You should avoid it, IMO; as you predict, IMO, the Allies'd almost immediately invade to crush it.
Oh, yes, ultimately they would go down under Allied assault, but it would buy Stalin some serious breathing space (say half a year), which is more than you can say of any other alternative, except maybe an abundantly supplied Chiang. Also, it would rob the Allies from any serious contribution from France for almost an year, as they have to crush the pro-Soviet junta French Army, occupy the country, clean up the philo-Soviets, set up a new government, recruit a new French Army, reset French economy and in dustry to functionality... it's the worst "speed bump" for the Allies that I could think of.

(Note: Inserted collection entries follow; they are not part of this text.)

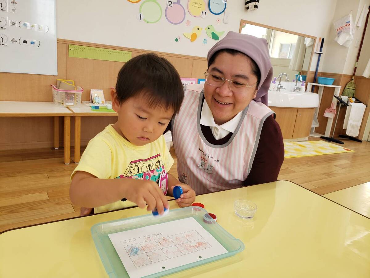 ちゅうりっぷ組のお友だち 2023年05月19日(金) 5月に入園したばかりの、ちゅうりっぷ組の子どもたちです。部屋でお仕事をしたり、園庭で虫探しをしたりと、毎日楽しく過ごしています。これからマリア幼稚園でたくさん一緒に遊びましょうね!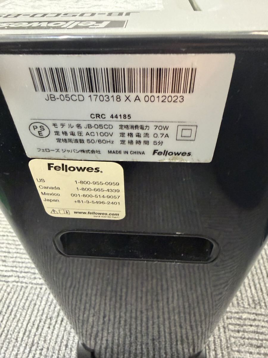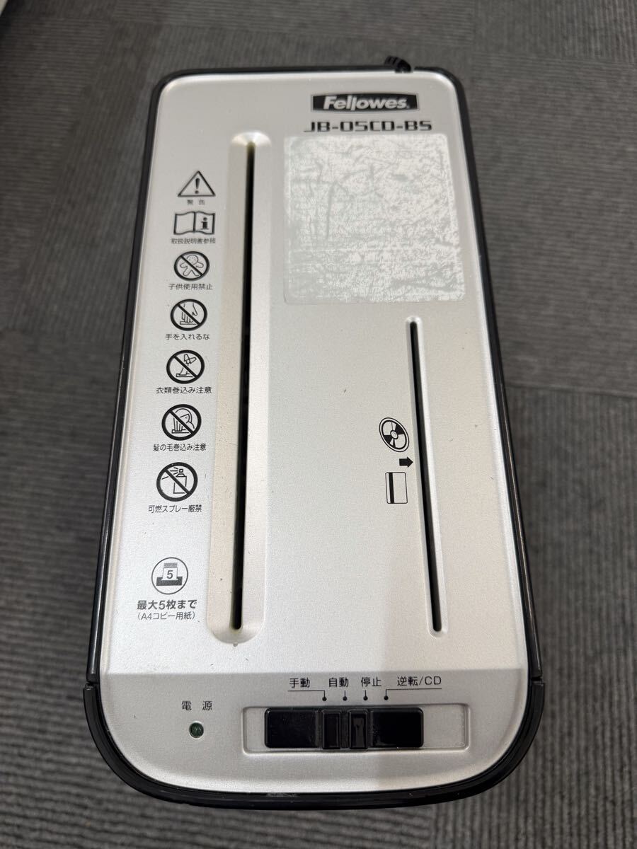 ◎Fellowes フェローズ シュレッダー JB-05CD-BS 動作品 クロスカット 最大5枚対応 CD/DVD対応 70W 現状品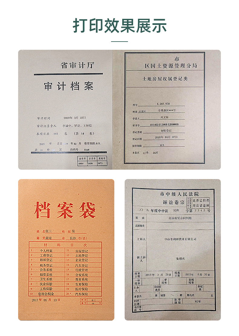 熱轉(zhuǎn)印打印機原理:熱轉(zhuǎn)印技術(shù)利用碳帶介質(zhì)通過熱敏片遇熱和壓力轉(zhuǎn)印到紙或薄膜的過程,當(dāng)卷宗卷皮的單張空白版面牛皮紙,無酸紙,證件內(nèi)頁紙通過打印機的打印頭和壓軸時,將碳帶上的碳粉轉(zhuǎn)印到標(biāo)簽上, 最終形成文字或圖案。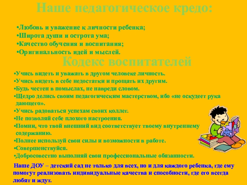 ● уважительное отношение к каждому ребенку, к его чувствам и потребностям;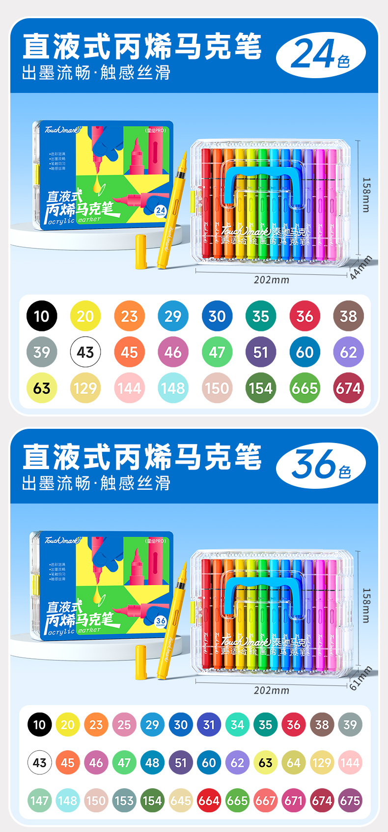 Touchmark直液式丙烯马克笔星绘pro升级软头丙烯马克笔翻翻乐丙马绘画笔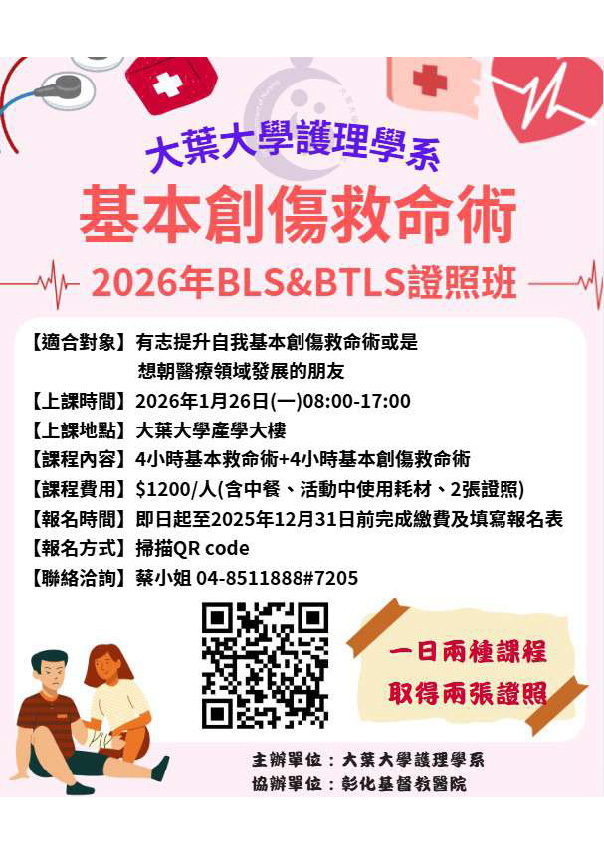 「2026大葉大學護理學系BLS & BTLS證照 班」活動資訊
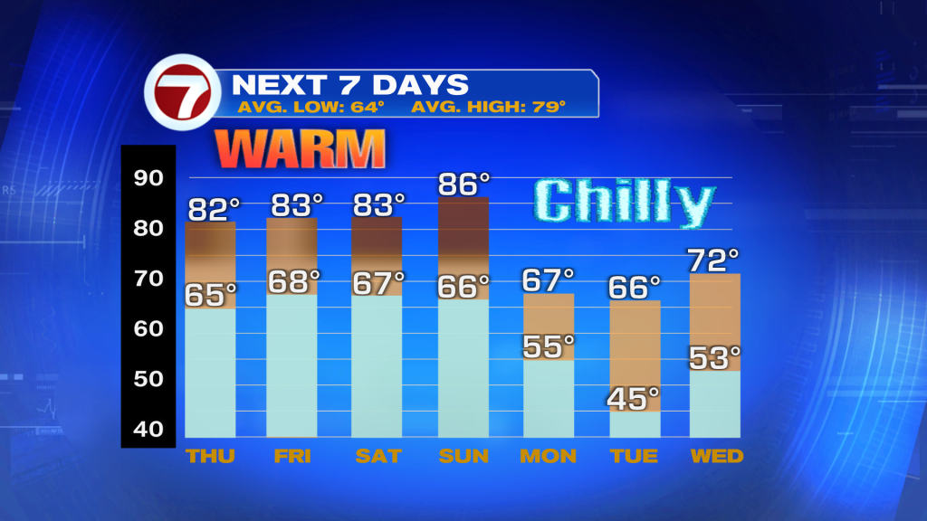 A much cooler and breezy pattern settles in early next week. Highs Monday and Tuesday may struggle to reach 70 degrees, and overnight lows could dip into the 40”s. It’s a noticeable temperature swing from the summer-like warmth we’ll feel heading into the weekend.

Could you do it with a "Communist" win in the Spanish CW? (I can never keep straight if they're Republicans or Nationalists...

)
Outside the boundaries of the scenario, I'm afraid. I cannot see how butterflies from Hitler's death in late 1938 and British-German detente could save the Republicans. At this point they had already lost the SCW. Even admitting you compress the development of the scenario (which would skirt unplausibility) and have Stalin decide a massive last-ditch Soviet intervention to save the Republicans, this would just accelerate the unfolding of the scenario and the formation of the Alliance. Panicked British and French would hastily chalk Stalin as the worst meance in Europe, join Germany and Italy in grand anti-Communist alliance, Allied fleets would cut any supply to the Soviet expeditionary corps in Spain, and Allied expeditionary coprs would eat the logistically-starving Soviets in a few months.
Suits.

I can picture (fairly) big tank battles in the plains & use of airborne in the mountains: 1st SSF?
desantniki v Fallschirmjagern? Even (if it goes long enough) the
555h?
All of that, sure. I think this WWII should last long enough to see some American boots on the ground. Stalin and the Red Army started the whole thing (even if it exploded to a general war much before they had planned, mch like for Germany in OTL 1939), so they had plenty of warning to deploy their forces. There shall not be any massive Barbarossa Blitzkrieg, rather the Allies using their superior industrial potential, the superior quality of their forces, and theri encirclement position to slowly bleed the Soviet manpower reserves white, and cut Soviet industrial potential down, as they make deeper and deeper inroads into Russia. No one big Barbarossa Blitzkrieg IMO, rather a string of Allied mobile offensives rather like the reverse of Soviet offensives in OTL 1943-45.